Now, we must decide between Option 4, whose test statistic is “wins minus losses” (arr[0] - arr[1]), and Option 5, whose test statistic is “losses minus wins” (arr[1] - arr[0]).

First, let’s recap how we’re simulating. In the code provided in the previous subpart, we have the line sim = np.random.multinomial(31, [0.6, 0.4]). Each time we run this line, sim will be set to an array with two elements, the first of which we interpret as the number of simulated wins and the second of which we interpret as the number of simulated losses in a 31 game season. The first number in sim will usually be larger than the second number in sim, since the chance of a win (0.6) is larger than the chance of a loss (0.4). As such, When we compute fn(sim) in the following line, the difference between the wins and losses should typically be positive.

Back to our distribution. Note that the distribution provided in this subpart is centered at a positive number, around 7. Since the difference between wins and losses will typically be positive, it appears that we’ve visualized the distribution of the difference between wins and losses (Option 4). If we instead visualized the difference between losses and wins, the distribution should be centered at a negative number, but that’s not the case.

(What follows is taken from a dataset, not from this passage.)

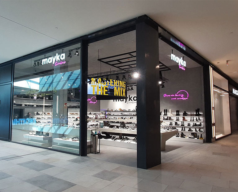 En 2021 nuestra tienda de zapatillas de marca llamada Mayka Sneakers abre a la par que se inaugura el centro comercial Vialia en Vigo. Se trata de una tienda especializada en la venta de zapatillas de marca. Podrás hallarla en una ubicación privilegiada en la segunda planta del centro comercial Viala frente a las escaleras mecánicas de acceso y salida del mismo. Mayka Sneakers destaca del resto de tiendas por la espectacularidad de su puesta en escena. De entrada llama la atnnción la enorme pantalla led circular de más de 3 metros de diámetro y desde donde podrás vre los principales spot publicitarios de nuestras zapatillass de marca, y la enorme mesa central de más de 7 metros de profundidad que permite albergar y lucir la gran variedad de modelos y colorido de las increíbles zapatillas de marca que podrás encontrar en Mayka Sneakers. Contamos además con un equipo humano muy formado que te ayudará en todo momento a elegir la zapatillas más adecuada para ti. Si estás buscando los últimos modelos de marcas internacionales consolidadas como Nike, Converse, Vans, New Balance, Adidas o por contrario estás buscando nuevas marcas como Morrison, Pompeii, Mim, Scalpers muy activas en Redes Sociales como Instagram, no lo dudes Mayka Sneakers es la tienda de zapatillas de Vigo que debes visitar. ¡Te esperamos!

As such, the correct answer is Option 4.


Difficulty: ⭐️⭐️

The average score on this problem was 86%.


Problem 3.3

Consider the function fn_plus defined below.

def fn_plus(arr):
    return fn(arr) + 31

True or False: If fn is a valid test statistic for the hypothesis test and p-value calculation presented at the start of the problem, then fn_plus is also a valid test statistic for the hypothesis test and p-value calculation presented at the start of the problem.

Answer: True

All fn_plus is doing is adding 31 to the output of fn. If we think in terms of pictures, the shape of the distribution of fn_plus looks the same as the distribution of fn, just moved to the right by 31 units. Since the distribution’s shape is no different, the proportion of simulated test statistics that are greater than the observed test statistic is no different either, and so the p-value we calculate with fn_plus is the same as the one we calculate with fn.


Difficulty: ⭐️⭐️⭐️

The average score on this problem was 73%.


Problem 3.4

Below, we present the same code that is given at the start of the problem. (Remember to keep the data description from the top of the exam open in another tab!)

stats = np.array([])
for i in np.arange(10000):
    sim = np.random.multinomial(31, [0.6, 0.4])
    stat = fn(sim)
    stats = np.append(stats, stat)

win_p_value = np.count_nonzero(stats >= fn([22, 9])) / 10000

Below are four possible replacements for the line sim = np.random.multinomial(31, [0.6, 0.4]).

Option 1:

def with_rep():
    won = plum.get('Won')
    return np.count_nonzero(np.random.choice(won, 31, replace=True))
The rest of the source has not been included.